Antigone, qui avait pris en affection un de ses soldats pour son courage et sa vaillance, prescrivit à son médecin de lui donner ses soins, pour un mal interne dont il souffrait depuis longtemps. Ayant remarqué, après sa guérison, qu'il s'exposait beaucoup moins dans les combats, il lui demanda ce qui l'avait ainsi changé et rendu poltron: «C'est vous-même, Sire, lui répondit-il, en me déchargeant des maux qui faisaient que je ne tenais pas à la vie.»
Un soldat de Lucullus avait été dévalisé par l'ennemi; pour se venger, il exécuta contre lui un coup de main remarquable. Il s'était amplement dédommagé de ses pertes, et Lucullus, qui avait conçu de lui une bonne opinion, voulant l'employer à une expédition hasardeuse, s'efforçait de l'y décider, usant à cet effet de ses plus beaux moyens de persuasion, «en des termes à donner du cœur au plus timide (Horace)», celui-ci lui répondit: «Employez-y quelque misérable soldat qui ait été dévalisé»: «Tout grossier qu'il était: «Ira là, dit-il, qui aura perdu sa bourse (Horace)»; et il s'y refusa obstinément.
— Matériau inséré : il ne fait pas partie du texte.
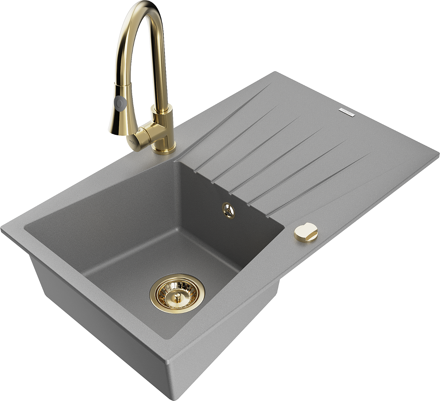 Mexen Cesar 1-bowl granite sink with drainer and Elia kitchen tap, grey - 6514-71-670101-50

Essentiellement variable, l'homme est tantôt humble, tantôt orgueilleux, etc.—Mahomet II avait outrageusement rudoyé Chassan, chef de ses Janissaires, dont la troupe avait été refoulée par les Hongrois et qui s'était lui-même lâchement comporté au combat. Pour toute réponse, Chassan, seul, sans rallier personne autour de lui, se précipite comme un furieux, le sabre à la main, sur la première troupe ennemie qui se présente, où il disparaît en un clin d'œil comme englouti. En cela il n'a pas tant été mû par le désir de se réhabiliter, que par un revirement de sentiments; ce n'est pas tant l'effet d'un courage naturel, que du dépit qu'il venait d'éprouver.—Celui que vous avez vu hier si téméraire, ne vous étonnez pas de le voir demain tout aussi poltron. La colère, la nécessité, la compagnie ou bien le vin, voire même un son de trompette lui avaient mis le cœur au ventre; ce n'était pas le raisonnement qui lui avait donné du courage, mais les circonstances; ne nous étonnons donc pas s'il est devenu autre, quand les circonstances se sont elles-mêmes modifiées du tout au tout. Cette variation et cette contradiction qui se voient en nous si souples à passer d'un état à un autre, ont donné à penser à certains que nous avons en nous deux âmes, d'autres disent deux forces, qui ont action simultanément sur nous chacune dans son sens, l'une vers le bien, l'autre vers le mal; une âme, une force uniques ne pouvant se concilier avec une aussi brusque diversité de sentiments.